# Noticias y eventos > Encuentros >  Quedada en Barna

## Ritxi

Será cuestión de hacer una nueva quedada ahora que hay gente nueva, no?

Como la monto yo, ¡¡¡elijo día!!!  :302: 

¿Os va bien el Domingo 18 de Abril?

----------


## MagNity

Por la tarde es posible, por la mañana imposible

----------


## Ritxi

Por la tarde imposible, por la mañana es posible   :Smile1:

----------


## rofman

ummm ¡¡¡Me lo pensaré!!!

Que hace años me perdí unas cuantas por culpa del trabajo, ¡¡¡y me quedé con las ganas!!!


Eso sí, no llevaré material, pues la magia es sólo para mí. :P

----------


## Tracer

Idea atractiva, ahora solo hace falta que la familia dé el visto bueno... :(

----------


## Ritxi

> idea atractiva, ahora solo hace falta que la familia de el visto bueno.... :(


 
¡¡Pues tráete a la familia!! Yo quizás tenga que ir con el nene.

----------


## Ming

Genial  :302:

----------


## Magnano

Se puede intentar

----------


## mayico

No seais rancios, y todo el que sea de allí, que se acerque como sea... Qué fácil es decir que no cuando se sabe que existen mil posibilidades de quedar otros días...
Todo esto lo digo porque en mi ciudad no se puede hacer ninguna quedada, ya que somos dos los que estamos en esto. Bueno... hay un tercero que me han comentado en una tienda de Málaga que, según dice, se compró los hippity... así que tengo que buscarlo. Lo que sí tengo claro es que actuaciones no hace, porque Melilla es muuuuuuuuuuuuuuy pequeña y nos conocemos todos, y más en lo laboral...

Así que aprovechad y quedad las veces que se pueda.

----------


## Magnano

Pues tómate un descanso y pasate por BCN un día, que te esperamos con los brazos abiertos.

----------


## Tracer

Ostras, es que el peque es muy peque, me parece a mí, para llevarlo. Aunque ya se conoce los palos (mejor que los números) de la baraja...

----------


## Ritxi

El mio es más peque 8m

----------


## Némesis

Joer, debe ser el bebé más alto del mundo, con ocho metros...  :117:

----------


## Ming

> Joer, debe ser el bebé más alto del mundo, con ocho metros...


Jajajajja  :Rofl: 

Némesis también te vendrás, ¿no?  :Oops: 

Mayico... vente  :Smile1:   :Smile1:   :Smile1:

----------


## luis_bcn

Yo a lo mejor me apunto, pero no es nada seguro. Los domingos está chungo. xD

----------


## Ritxi

Los 8m no es la altura  :302:    es la...    edad

----------


## Magnano

¿8 milenios? Ritxi en tu perfil pone 34... te conservas bien  :Wink1:

----------


## Pep Maria Magic

Lo intentaremos, pero no prometo nada

Saludos

----------


## mayico

jejejee amada ming... no podrá ser ya que seguramente... (todavía no) me llamarán para ese día a actuar, también porque al día siguiente doy clases en el colegio.

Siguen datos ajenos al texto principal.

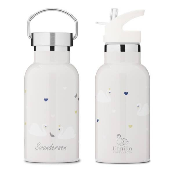 Urocza butelka termiczna dla dzieci ze stali nierdzewnej duńskiej marki Vanilla Copenhagen o pojemności 350 ml utrzymuje temperaturę napojów zimnych jak i ciepłych. Idealnie sprawdzi się do szkoły, na spacery, wycieczki i plac zabaw.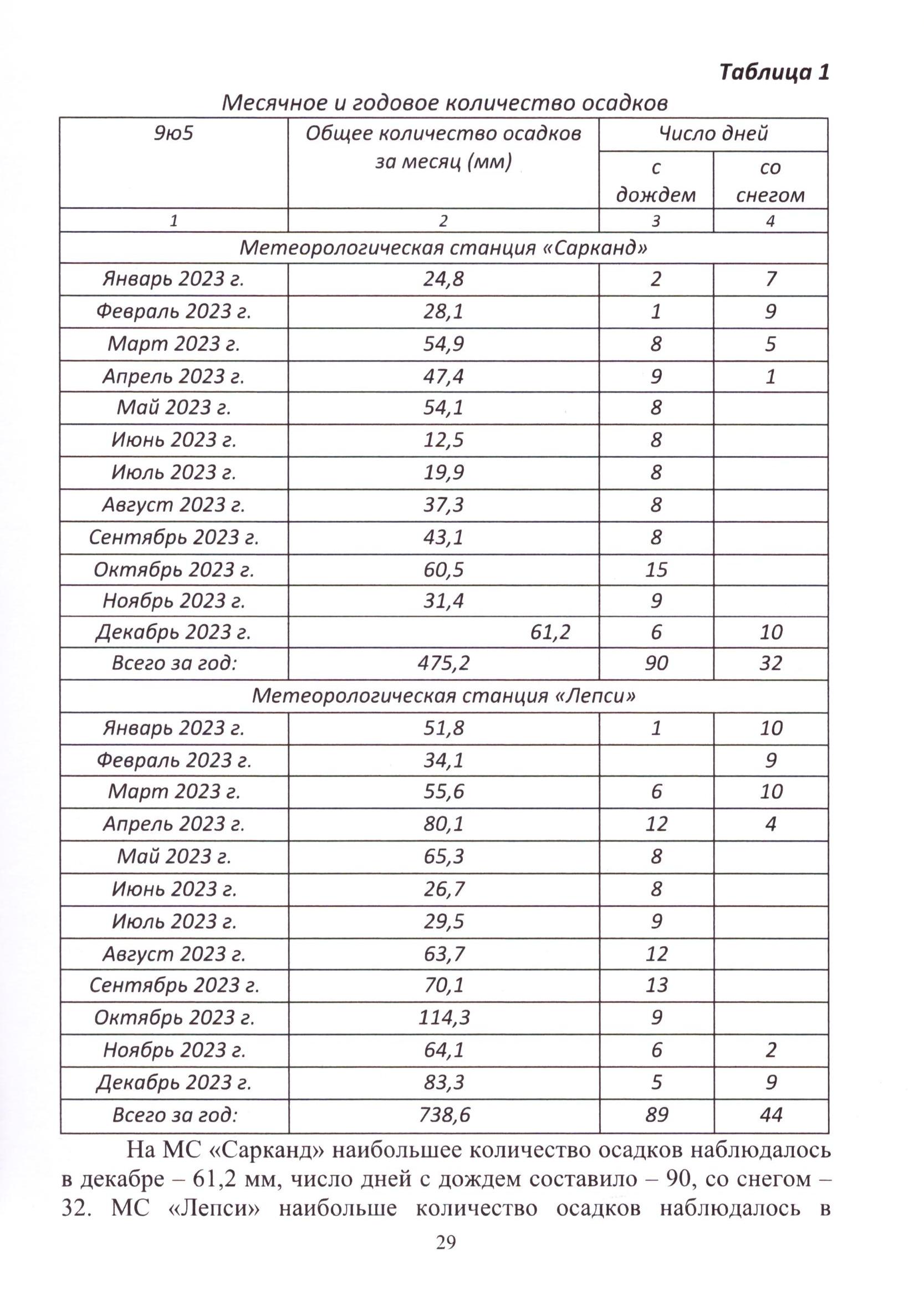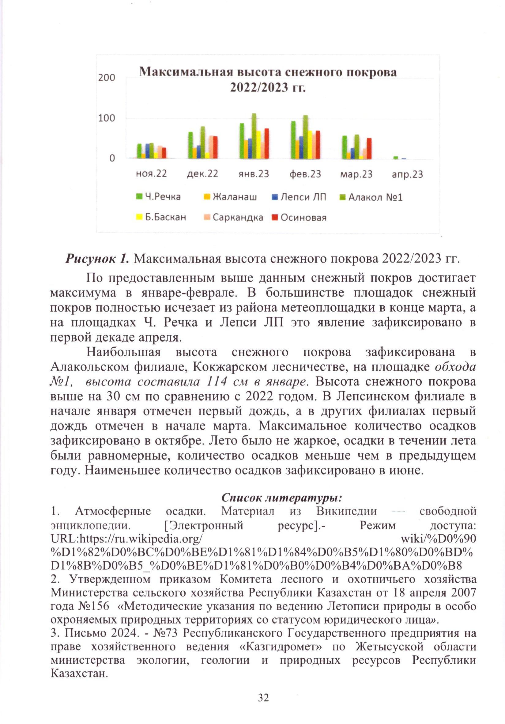 Анализ динамики выпадения осадков в природно климатических условиях Жонгар-Алатауского государственного национального природного парка за 2023 год (2024 г.)

Me es imposible, y... no te haces una idea cuanto cuesta ir de Melilla a cualquier otra parte de España.

De todas formas... el dos de Junio voy a castellón, que actuo en un teatro (no se en cual jejej) el día tres, y me quedo hasta el seis.

Lo digo por si alguien se acerca...

----------


## Frikimaster

No solo mago sino que además adivino? Le has dado a la semana que tengo libre Ritxi, PERFECTO =), allí estaré, y si voy yo significa que me traeré (o intentaré) traerme a gente conmigo, de que sitio estamos hablando? Mañana o tarde? Que plan hay?

Sea como sea, estoy encantadíssimo =)


Frikimaster

----------


## Ritxi

¿Os va bien el Domingo 18 de abril por la mañana?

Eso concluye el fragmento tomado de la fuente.